Nissan Motor’s engineers rely on large-scale computer-aided engineering (CAE) and high performance computing (HPC) during the car design and development stages. But in keeping with its goal of achieving carbon neutrality and zero-emission vehicles by 2050, the company decided that it needed a more energy-efficient way to generate that massive computing power.
Historically, Nissan, which celebrated its 90th anniversary on December 26, maintained its own on-premises data centers to power its CAE and HPC activities. But the energy consumed by that infrastructure became a potential barrier to its commitment to reducing CO2 emissions.
“Energy consumption in our data centers was a major concern for us,” says Dai Matsubara, a senior manager in the company’s engineering and design systems department. “Plus, large fluctuations in demand for computing resources, typically occurring during the transition of product development projects, meant that these expensive computing resources sometimes operated at low capacity.”
Consequently, Nissan’s leadership evaluated ways to migrate development and testing activities to more flexible and scalable cloud computing environments that would enable technical staff to respond quickly to changing demands while also reducing energy consumption.
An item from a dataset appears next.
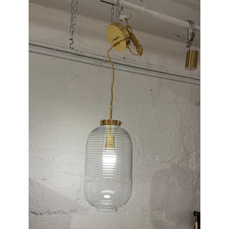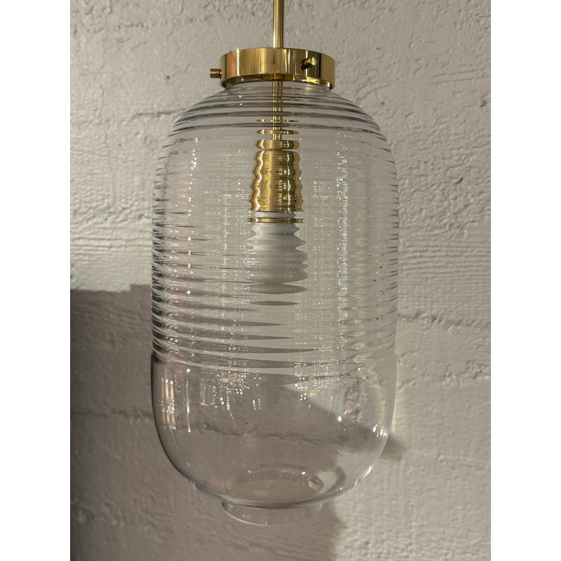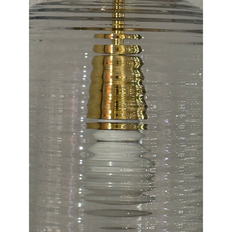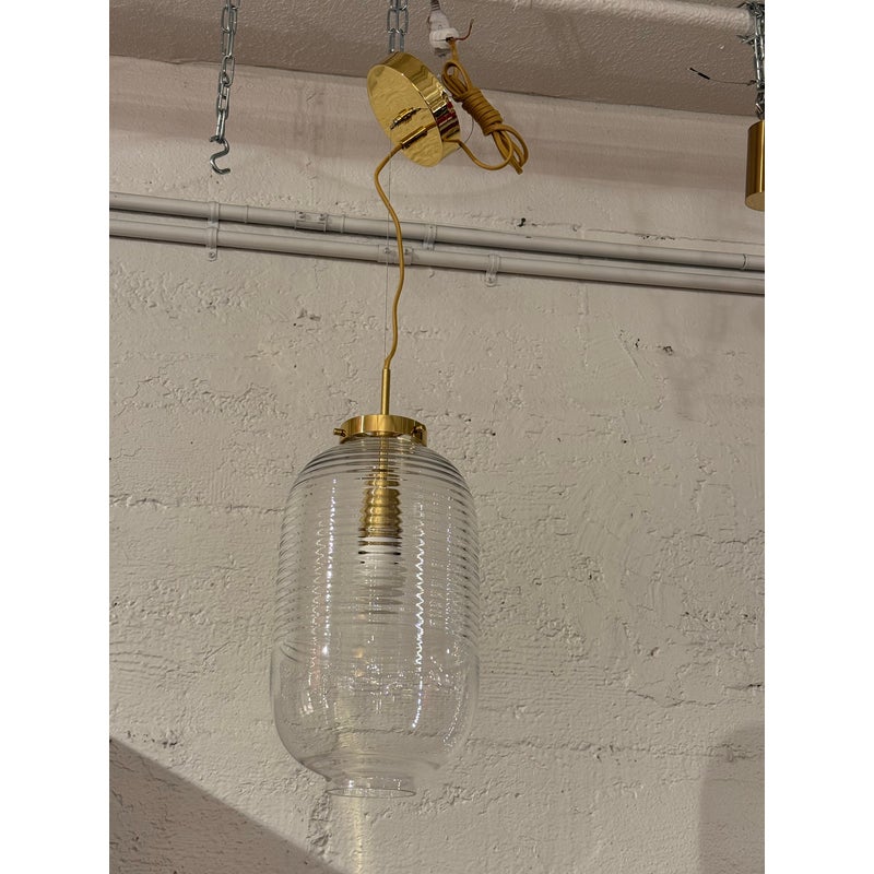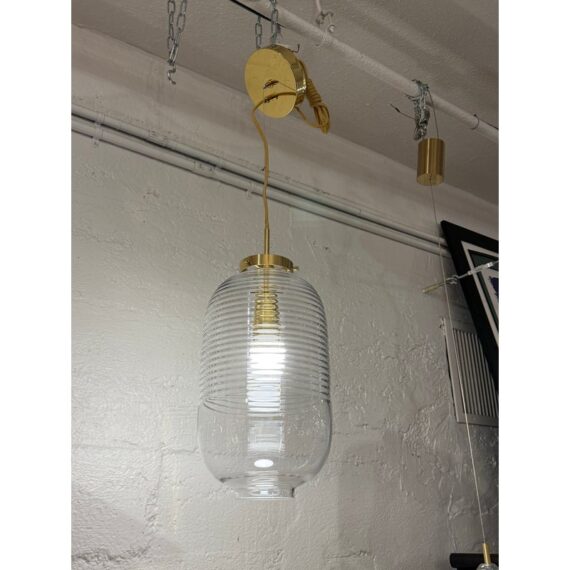 Design Plus Gallery presents the Lantern Pendant from Bomma. Bomma’s Lantern pendant reimagines the classic rice paper lantern in a contemporary glass design. Made from mouth-blown crystal glass, the clean and elegant form of the luminaire reflects the timeless essence of Japanese paper lanterns while showcasing the exceptional craftsmanship required to achieve the minimalist shape. Whether displayed as a standalone focal point or arranged in a cluster of shimmering lights, the Lantern pendant brings a harmonious blend of tradition and modernity to any space. It is in good showroom like condition for its usage.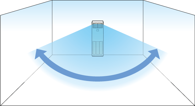 室内機を壁面中央部に設置時は、前方の左右へワイドに送風。

Initially, Nissan’s technical team tested design and development activities in a hyperscale cloud computing platform offered by a provider using a virtual machine (VM) strategy. However, the virtualization layer created performance problems for the large-scale simulations, which sometimes exceed 1,000 parallels simultaneously.
Consequently, Nissan’s technical staff turned to Oracle for a proof of concept (POC) of bare metal instances on Oracle Cloud Infrastructure (OCI). Unlike with virtualized instances, OCI Compute bare metal instances gave Nissan all the compute power of a fully dedicated server with no virtualization overhead, delivered on demand for various customized applications.
“We chose HPC on OCI with bare metal high performance instances, as part of our cloud-first/multicloud strategy, to meet our global challenges of daily increasing simulation demand while meeting constant cost reduction demands. As expected, Oracle Cloud HPC brought Nissan a great return on investment.”
OCI is one of the first public clouds to offer bare metal HPC in a remote direct memory access (RDMA) cluster network. The POC validated that OCI could surpass Nissan’s performance expectations, with pricing comparable to the VM services it previously tested with the other cloud provider.
Nissan’s technical staff worked with Oracle throughout the migration, from defining requirements and customizing functions to full project implementation. “The migration process was extremely smooth,” Matsubara says. “Our internal teams quickly established a great working chemistry with Oracle’s support staff. The project took only about two months, and we didn’t experience any major problems.”
Nissan has migrated more than 40 customized CAE applications used by its engineers globally to OCI Compute bare metal instances.
Workloads at peak times can require tens of thousands of cores, which deliver superior performance and flexibility at a lower cost than its on-premises data centers. NVIDIA A10 GPUs, employed by the virtual desktop infrastructure for each CAE application, deliver 100 Gb/sec bandwidth which results in minimal latency.
OCI's autoscaling adjusts the number of Nissan’s compute instances to help deliver consistent performance for end users during periods of high demand, while also reducing costs during periods of low demand. Technical staff can automatically start up the necessary nodes and shut them down as soon as they’re no longer needed.
The significant performance improvement of highly parallel computing, powered by OCI, not only speeds up various simulations and improves the productivity of engineers but it also contributes to reducing application license costs. Some of the CAE applications Nissan uses are billed at an hourly rate, and those license fees vary depending on the number of allocated CPU cores. With OCI Compute bare metal, the number of simulation runs has increased but the license costs have remained the same. Overall, the OCI solution is about 30% less expensive than Nissan’s previous on-premises environment.
“We are already exploring ways to use AI and ML to shape the future of sustainable mobility and innovative designs,” Matsubara says. “We will rely heavily on Oracle and OCI to help us arrive at our desired destination.”